Requirement: Every line of the listing below must be printed again exactly, apart from its pictures.

Collected data:
┄┄┄┄┄┄┄┄┄┄┄┄┄┄┄┄┄┄┄┄

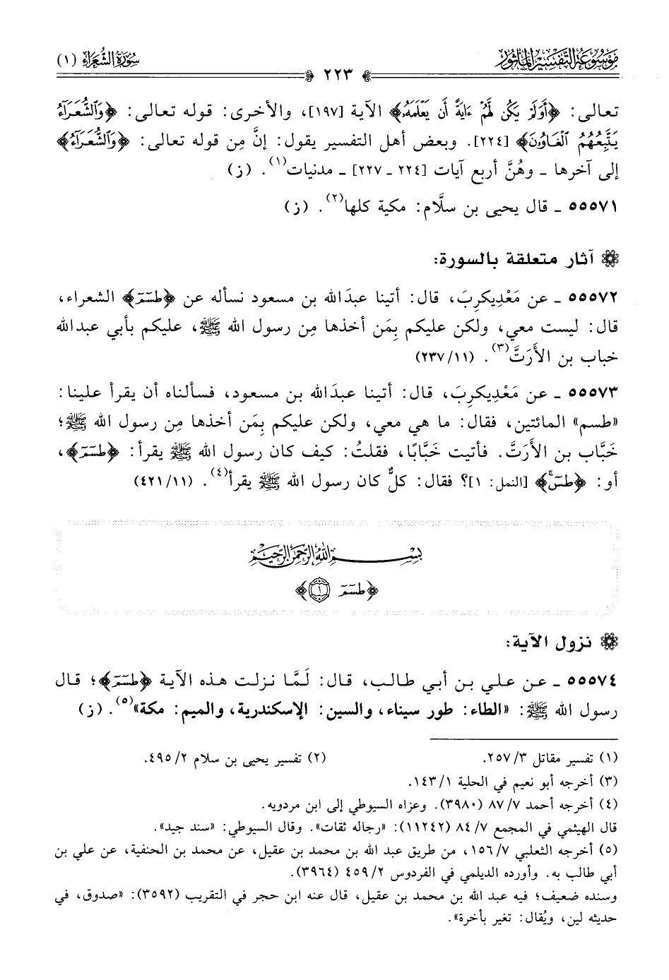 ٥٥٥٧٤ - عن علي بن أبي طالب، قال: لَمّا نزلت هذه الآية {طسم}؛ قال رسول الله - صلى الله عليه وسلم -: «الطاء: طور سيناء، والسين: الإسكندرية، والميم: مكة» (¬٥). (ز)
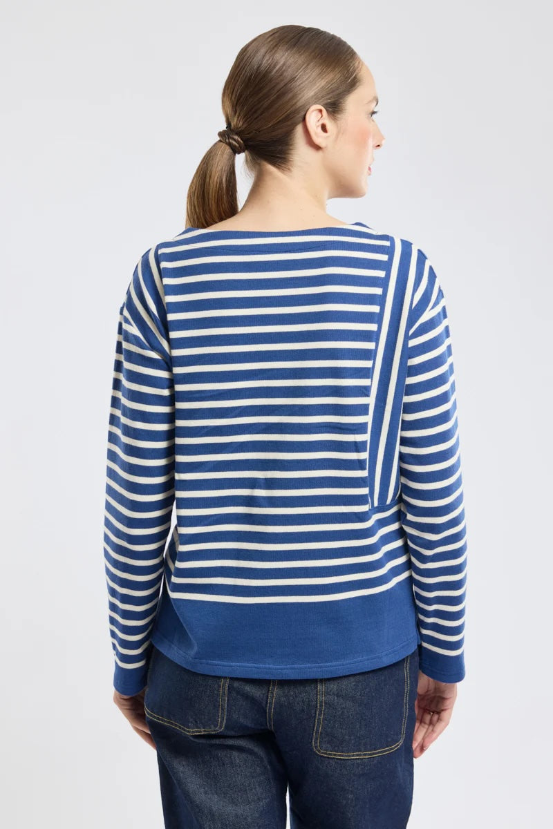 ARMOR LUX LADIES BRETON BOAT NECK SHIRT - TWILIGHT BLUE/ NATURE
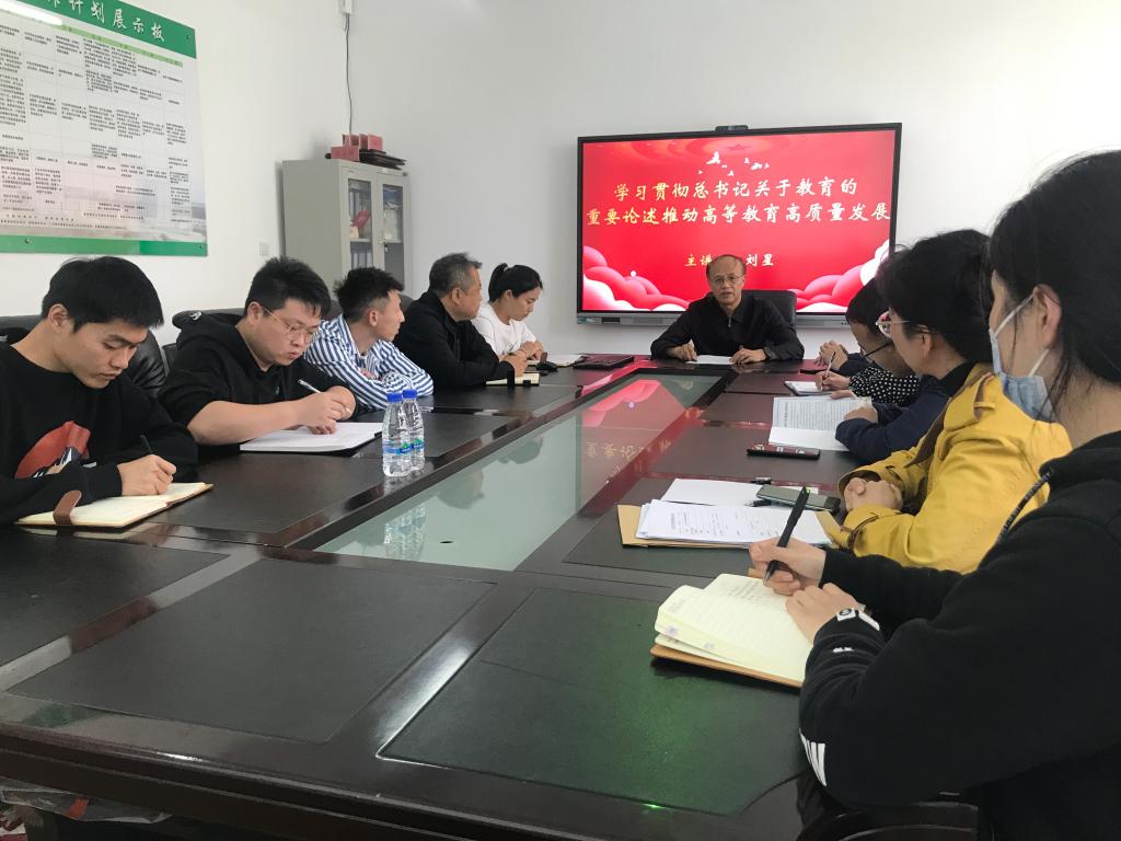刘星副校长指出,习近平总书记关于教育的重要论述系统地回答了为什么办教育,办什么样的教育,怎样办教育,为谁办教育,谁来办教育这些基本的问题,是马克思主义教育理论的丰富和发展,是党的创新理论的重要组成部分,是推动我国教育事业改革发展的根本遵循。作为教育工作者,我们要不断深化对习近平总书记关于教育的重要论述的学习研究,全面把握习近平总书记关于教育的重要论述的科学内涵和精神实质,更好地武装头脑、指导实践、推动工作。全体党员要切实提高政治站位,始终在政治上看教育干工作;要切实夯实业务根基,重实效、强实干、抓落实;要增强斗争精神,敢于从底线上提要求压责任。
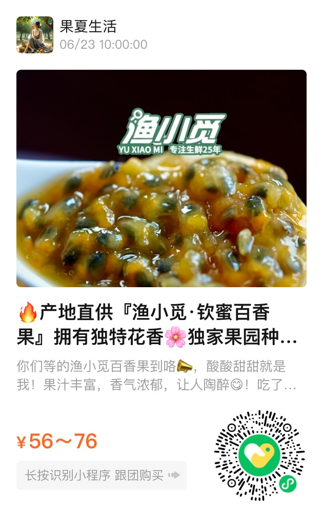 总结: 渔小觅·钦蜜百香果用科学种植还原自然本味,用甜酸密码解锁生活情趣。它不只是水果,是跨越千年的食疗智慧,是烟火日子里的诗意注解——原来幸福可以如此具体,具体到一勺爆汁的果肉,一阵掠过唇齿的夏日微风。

┄┄┄┄┄┄┄┄┄┄┄┄┄┄┄┄┄┄┄┄

Task answer:
 ٥٥٥٧٤ - عن علي بن أبي طالب، قال: لَمّا نزلت هذه الآية {طسم}؛ قال رسول الله - صلى الله عليه وسلم -: «الطاء: طور سيناء، والسين: الإسكندرية، والميم: مكة» (¬٥). (ز)
 ARMOR LUX LADIES BRETON BOAT NECK SHIRT - TWILIGHT BLUE/ NATURE
刘星副校长指出,习近平总书记关于教育的重要论述系统地回答了为什么办教育,办什么样的教育,怎样办教育,为谁办教育,谁来办教育这些基本的问题,是马克思主义教育理论的丰富和发展,是党的创新理论的重要组成部分,是推动我国教育事业改革发展的根本遵循。作为教育工作者,我们要不断深化对习近平总书记关于教育的重要论述的学习研究,全面把握习近平总书记关于教育的重要论述的科学内涵和精神实质,更好地武装头脑、指导实践、推动工作。全体党员要切实提高政治站位,始终在政治上看教育干工作;要切实夯实业务根基,重实效、强实干、抓落实;要增强斗争精神,敢于从底线上提要求压责任。
 总结: 渔小觅·钦蜜百香果用科学种植还原自然本味,用甜酸密码解锁生活情趣。它不只是水果,是跨越千年的食疗智慧,是烟火日子里的诗意注解——原来幸福可以如此具体,具体到一勺爆汁的果肉,一阵掠过唇齿的夏日微风。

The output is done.